We did find variability between studies and regions. The increase in antibiotic resistance, especially for relatively newer antibiotics has implications for global [2] and national guidelines for the management of dysentery in vulnerable young age group. One example of such newer antibiotics includes ciprofloxacin (which is recommended by the WHO for treatment of invasive diarrhoea in children). Alternative oral options other than macrolides (azithromycin) or expensive parenteral agents such as aztreonam or carbapenems are limited. Thus, a need for continued surveillance of common bacterial enteropathogens among children of all ages and adults is urgent, as is the need for continued surveillance and effective communication of these results to clinicians with guidance about the optimal approach to managing invasive diarrhoea. We must also address widespread inappropriate antibiotic use for non-bloody diarrhoea in children [66,67] and adults [68].
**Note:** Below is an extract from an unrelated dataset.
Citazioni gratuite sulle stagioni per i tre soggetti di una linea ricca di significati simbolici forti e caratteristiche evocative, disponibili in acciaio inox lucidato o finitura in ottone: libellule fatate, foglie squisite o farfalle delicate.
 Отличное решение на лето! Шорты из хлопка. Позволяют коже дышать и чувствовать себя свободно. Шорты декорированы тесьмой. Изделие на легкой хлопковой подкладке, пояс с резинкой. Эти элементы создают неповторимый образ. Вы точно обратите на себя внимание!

As seen from the figures, there appear to be fluctuations in the resistance patterns to some antibiotics in a cyclic manner, with periods of rise and decline. This could be attributed potentially to several factors such as variations in widespread use of categories of antibiotics, inadequate infection control measures, and limited access to newer antibiotics.
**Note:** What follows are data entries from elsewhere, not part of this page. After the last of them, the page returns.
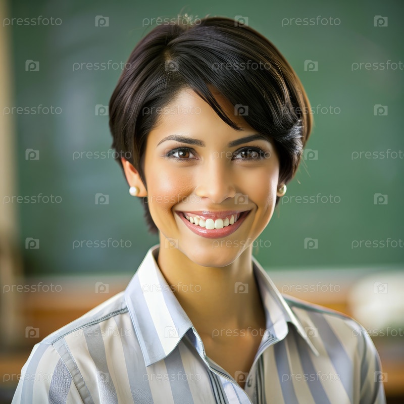 Молодая латиноамериканская учительница с короткими волосами улыбается в классе во время школьного времени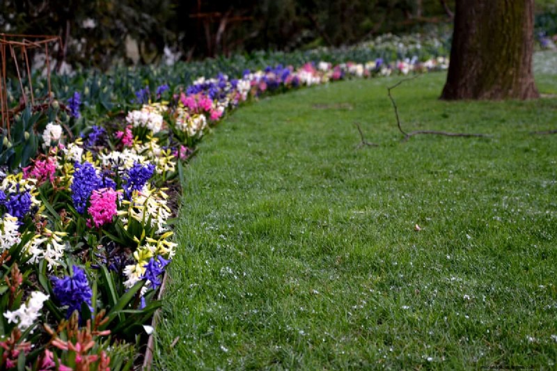 Stones and bricks are popular edging options. They can be used to create a minimalist effect while providing a neat border. They are also ideal if you want a wider border between the grass and the flower beds.
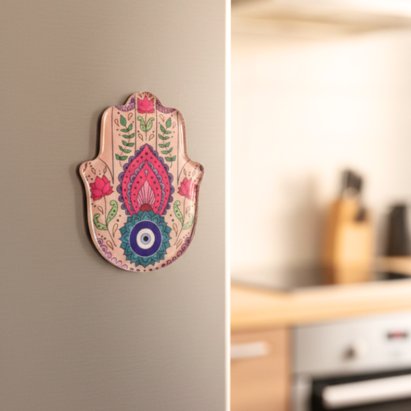 La Mano Hamsa es un símbolo ancestral de protección que aleja energías negativas y atrae bienestar. Este diseño con imán es perfecto para colocar en la heladera, puertas metálicas o cualquier superficie imantada, decorando y energetizando tu hogar a la vez.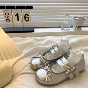 シルバーレトロフレンチラウンドトゥ浅い口フラットシューズ女性のための 2025 新しい夏ソフトソールバレエスタイルメリージェーンシューズ
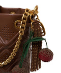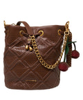 Questa elegante borsa a secchiello di La Carrie colpisce per il suo design di alta qualità in pregiata pelle. Il modello è caratterizzato da un delicato motivo traforato al laser e lucenti dettagli in metallo color oro che donano un tocco di lusso. Una pratica chiusura a coulisse e ciondoli decorativi completano con stile questo accessorio esclusivo.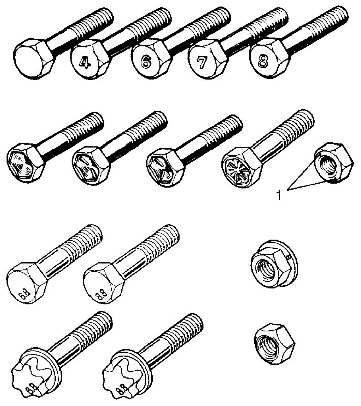Most commonly used strength classes of metric fasteners are 4T, 6.8, 7T and 8.8. Strength class is indicated by a number or radial line(s) embossed on the head of each bolt. Some metric nuts have a punched number, 6 or 8 on their end surfaces. Figure shows different strength markings.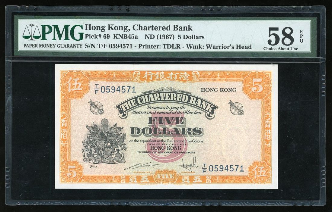 1967年渣打銀行伍員,編號T/F0594571,PMG 58EPQ
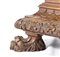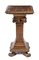In noce intagliata a motivi floreali, capitello in stile corinzio e piedi ferini. Dimensioni 81 x 45 x 45 cm. Stato di conservazione **** buono.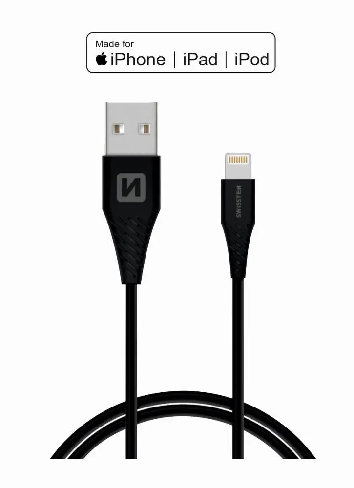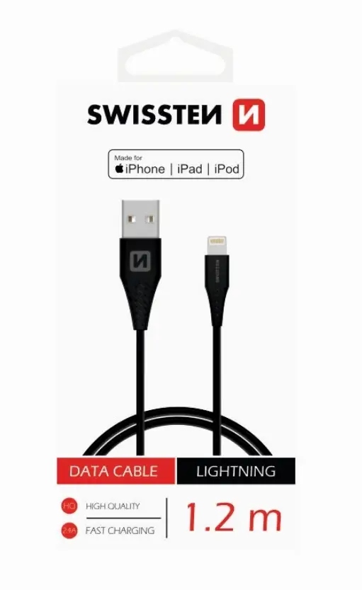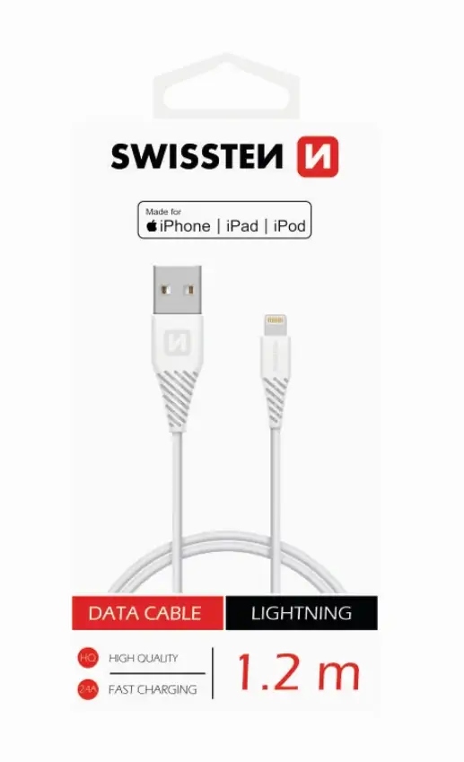 Kabel do transmisji danych TPE Swissten USB / LIGHTNING z certyfikatem MFI, o długości 1,2 m. Pakowane w opakowanie detaliczne Swissten.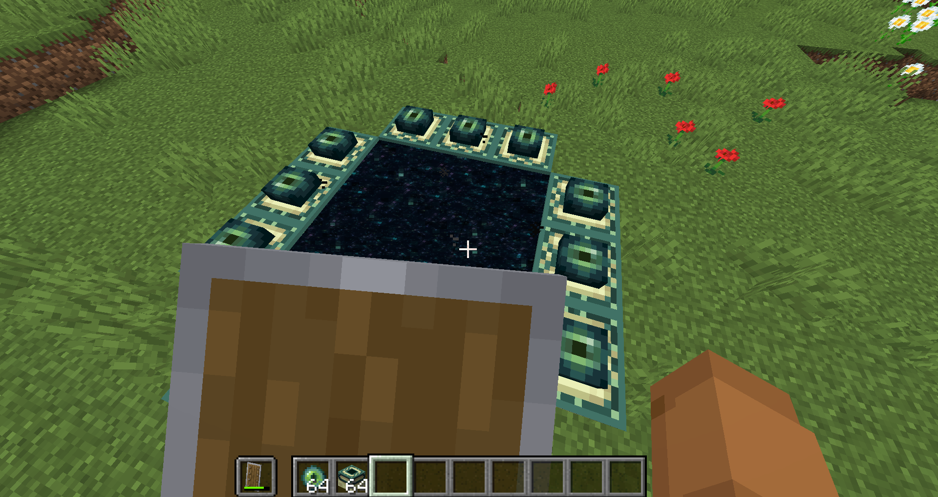 When you jump to the end portal with an activated shield, you can sprint with it and it works as from an activated shield.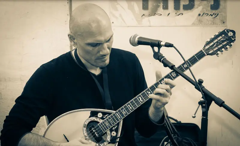 Dionysis Theodorou et son groupe jouent de la musique juive, grecque et originale au bouzouki. |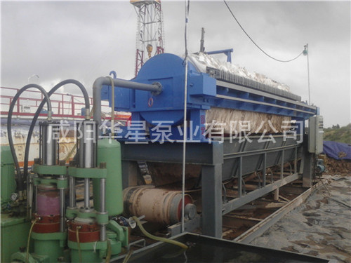 壓濾機(jī)進(jìn)料的專用泵。壓濾機(jī)操作前須進(jìn)行整機(jī)檢查:查看濾布有無打折或重疊現(xiàn)象,電源是否已正常連接。檢 查后即可進(jìn)行壓緊操作,先按一下“啟動(dòng)“按鈕,油泵開始工作,然后再按一下“壓緊”按 鈕,活塞推動(dòng)壓緊板壓緊,當(dāng)壓緊力到達(dá)調(diào)定高點(diǎn)壓力后,液壓系統(tǒng)自動(dòng)跳停。

The overuse and misuse of antibiotics can lead to the selection and spread of resistant bacteria, while poor infection control measures can facilitate their transmission. Additionally, the limited availability of newer antibiotics and the high cost of treatment may result in the increased use of older antibiotics, leading to the development and spread of resistance.

To combat antibiotic resistance, there needs to be a comprehensive approach that involves reducing unnecessary antibiotic use, improving infection control practices, and promoting the development and accessibility of new and effective antibiotics. Additionally, there should be increased efforts to monitor antibiotic resistance trends and implement targeted interventions to address local resistance patterns.
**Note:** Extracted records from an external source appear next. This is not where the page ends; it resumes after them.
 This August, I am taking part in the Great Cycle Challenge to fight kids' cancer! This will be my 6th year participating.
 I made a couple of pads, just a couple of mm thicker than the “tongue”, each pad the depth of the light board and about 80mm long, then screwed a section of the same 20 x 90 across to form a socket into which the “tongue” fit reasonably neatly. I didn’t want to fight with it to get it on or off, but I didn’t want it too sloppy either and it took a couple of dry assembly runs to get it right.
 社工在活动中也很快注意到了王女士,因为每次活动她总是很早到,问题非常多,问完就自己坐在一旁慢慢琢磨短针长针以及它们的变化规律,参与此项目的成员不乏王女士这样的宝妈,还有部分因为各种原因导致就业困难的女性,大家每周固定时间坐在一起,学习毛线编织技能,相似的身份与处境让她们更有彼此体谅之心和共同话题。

Although studies describing antibiotic resistance patterns in children with V. cholerae are limited, several outbreaks in adults have been found. A study in Nepal in 2011 looked at 836 isolates. Since 2006, 100% were resistant to nalidixic acid. Co-trimoxazole resistance remained constant in the 77%-100% range, whereas ciprofloxacin and tetracycline resistance peaked during 2010-2012 and then disappeared by 2016. Ampicillin resistance fluctuated over the last decade, increasing to 100% by 2016 [69].

Likewise, a study of cholera in Dhaka, Bangladesh in 2006 that included 13 isolates found resistance to tetracycline, erythromycin, ciprofloxacin, and azithromycin was increasing. Another similar study in Dhaka, Bangladesh was conducted in 2019, where 62 isolates were studied. About 89% of the isolates were resistant to ampicillin, 99% were resistant to erythromycin, almost all (99.7%) were resistant to trimethoprim-sulphamethoxazole, and 89% were resistant to ampicillin. In all cholera outbreaks, there should be susceptibility testing of a random selection of samples to assess resistance levels.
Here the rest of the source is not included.